Alice Buquoy, SVP, international theatrical sales and acquisitions at Munich-based Global Screen, is another European executive happy to see a strong MIA. “It’s exciting to see MIA market going from strength to strength and becoming more important with each year, both for sales and acquisitions. We hope that this trend continues and the market becomes even bigger since the timing in early autumn is ideal,” she says.

Another supporter is Antonio Saura, managing director of Madrid-based Latido Films. “We have always attended and last year it was great for us, being one of the few markets that was able to happen on-site, not online,” he says. “We are firm supporters of on-site markets, despite the fact that we won’t stop attending online ones like Busan or the AFM, but I think it’s not quite the same to work, meet clients or sell when you are able to meet in person. The online tends to standardise products.” 

A stronger presence

Other senior sales executives due to attend in person include Charades’ Carole Baraton, Pathé International’s Marie-Laure Montironi, Indie Sales’ Nicolas Eschbach, LevelK’s Debra Liang, The Match Factory’s Thania Dimitrakopoulou, Heretic’s Ioanna Stais, Film Factory Entertainment’s Vicente Canales, Bankside’s Yana Georgieva and HanWay Films’ Gabrielle Stewart.

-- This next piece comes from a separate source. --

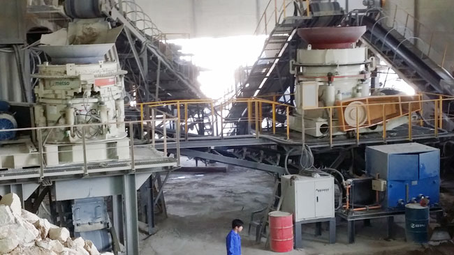 2014年6月,設備安裝到位正式投產,山美圓錐破和歐美某品牌圓錐破并駕齊驅,共同擔任生產線中的二破重任。

Asia is largely absent, although a few executives from the region have registered for online. A handful of US companies will have a physical presence, including A24, 1091 and Magnolia Pictures.

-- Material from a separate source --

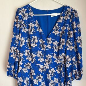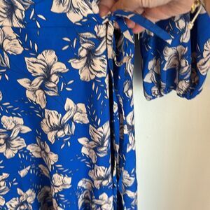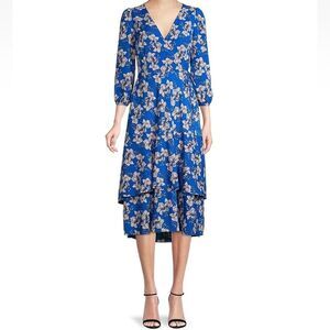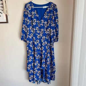 Eliza J Floral Faux-Wrap Tiered Midi Dress Blue Women's Size 18 long sleeve NWT!

Wendt suggests the pandemic boost to MIA could herald a return, for Europeans at least, of the film market calendar that existed prior to the closure of Mifed in 2004 (AFM’s decision to move from spring to autumn cemented the Italian market’s demise after years of decline). While she does not miss Mifed’s hangar-like Fiera di Milano setting and poor screening facilities, the veteran sales executive suggests the European sales and acquisition sector, which has never fully embraced AFM, needs a strong autumn event more than ever.

“You feel the tension after this whole period of Covid,” says Wendt. “Of course, sales and distributors have been going to MIA since the beginning, but screening attendance has never been that good.

“Perhaps, what’s happened with markets due to the pandemic will be a turning point for MIA. Maybe we’ll get back to the atmosphere of Mifed — screening films in a market and then doing deals face-to-face.”

Geoffrey Macnab and Elisabet Cabeza contributed to this report.